Description
Feature Request: More Flexible Tool Trajectory Evaluation Options
Summary
The current TrajectoryEvaluator
in ADK requires exact matching of both tool names and all arguments, which is too strict for practical agent development and testing. This leads to evaluation scores of 0.0 even when the agent correctly calls the intended tools with slightly different argument values.
Current Behavior
The TrajectoryEvaluator._are_tool_calls_equal()
method uses strict comparison:
def _are_tool_calls_equal(self, actual_tool_calls, expected_tool_calls):
# ...
for actual, expected in zip(actual_tool_calls, expected_tool_calls):
if actual.name != expected.name or actual.args != expected.args:
return False # Returns 0.0 score for ANY difference
return True
This means that even minor differences in arguments result in complete evaluation failure.
Problem Examples
Example 1: Slight Argument Variations
// Expected
{
"tool_name": "dynamic_send_agent_plan",
"tool_input": {
"selected_agent_type": "llm_agent",
"plan_summary": "Generate response to user greeting",
"plan_steps": [{"step_type": "text_generation", "order": 1}]
}
}
// Actual (from LLM)
{
"name": "dynamic_send_agent_plan",
"args": {
"selected_agent_type": "llm_agent",
"plan_summary": "Generate a response to user greeting", // Slight wording difference
"plan_steps": [{"step_type": "text_generation", "order": 1}]
}
}
Result: 0.0 score despite correct tool usage and agent type
Example 2: Additional Fields from LLM
// Expected
{
"tool_name": "dynamic_send_agent_plan",
"tool_input": {
"selected_agent_type": "gpt_image_agent"
}
}
// Actual (from LLM)
{
"name": "dynamic_send_agent_plan",
"args": {
"selected_agent_type": "gpt_image_agent",
"plan_summary": "Generate image as requested", // Extra field added by LLM
"execution_context": {"timestamp": "2024-01-01T00:00:00Z"} // Extra field
}
}
Result: 0.0 score despite correct tool and agent type
Proposed Solutions
Option 1: Partial Argument Matching
Add support for evaluating only specified arguments, ignoring unspecified ones:
class TrajectoryEvaluator:
def __init__(self, threshold: float, partial_matching: bool = False):
self._threshold = threshold
self._partial_matching = partial_matching
def _are_tool_calls_equal(self, actual_tool_calls, expected_tool_calls):
# When partial_matching=True, only check specified arguments
if self._partial_matching:
return self._partial_args_match(actual_tool_calls, expected_tool_calls)

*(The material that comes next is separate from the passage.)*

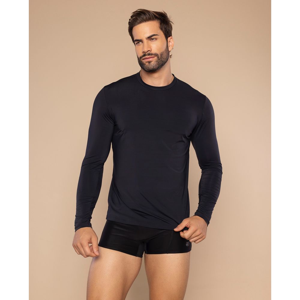 Blusa de proteção masculina, sendo proteção solar vitalicia (não perde a proteção solar conforme as lavagens), manga longa e gola redonda.

# ... existing exact matching logic
Option 2: Evaluation Modes
Introduce different evaluation modes:
from enum import Enum
class ToolEvaluationMode(Enum):
EXACT = "exact" # Current behavior
TOOL_NAME_ONLY = "tool_name_only" # Only check tool names
PARTIAL_ARGS = "partial_args" # Check specified args only
FUZZY_MATCHING = "fuzzy_matching" # Allow minor string differences
class TrajectoryEvaluator:
def __init__(self, threshold: float, evaluation_mode: ToolEvaluationMode = ToolEvaluationMode.EXACT):
# ...
Option 3: Configurable Argument Filters
Allow users to specify which arguments are critical:
# Test configuration
test_config = {
"tool_name": "dynamic_send_agent_plan",
"required_args": ["selected_agent_type"], # Only these args matter
"optional_args": ["plan_summary", "plan_steps"] # These can vary
}
Real-World Use Cases
- Agent Type Validation: Often we only care that the correct agent type was selected, not the exact wording of the plan summary
- Step Type Verification: We want to verify the correct sequence of step types without worrying about specific descriptions
- Tool Usage Patterns: Testing that tools are called in the right order with the right general parameters
- LLM Output Variations: Different LLM runs may produce slightly different but functionally equivalent arguments
Benefits
- More Practical Testing: Allows focusing on important aspects of tool usage
- Reduced Test Brittleness: Tests won't break due to minor LLM output variations
- Better Developer Experience: More realistic evaluation scores that reflect actual agent performance
- Flexible Test Design: Different evaluation criteria for different testing scenarios
Backward Compatibility
This can be implemented as an opt-in feature, maintaining exact matching as the default behavior to ensure no breaking changes.
Example Implementation
Here's a potential API design:
# Current usage (unchanged)
evaluator = TrajectoryEvaluator(threshold=0.8)
# New flexible options
evaluator = TrajectoryEvaluator(
threshold=0.8,
evaluation_mode=ToolEvaluationMode.PARTIAL_ARGS
)
# Or with argument specification
evaluator = TrajectoryEvaluator(
threshold=0.8,
required_args_only=True,
fuzzy_string_matching=True
)
This enhancement would make tool trajectory evaluation much more practical for real-world agent development and testing scenarios.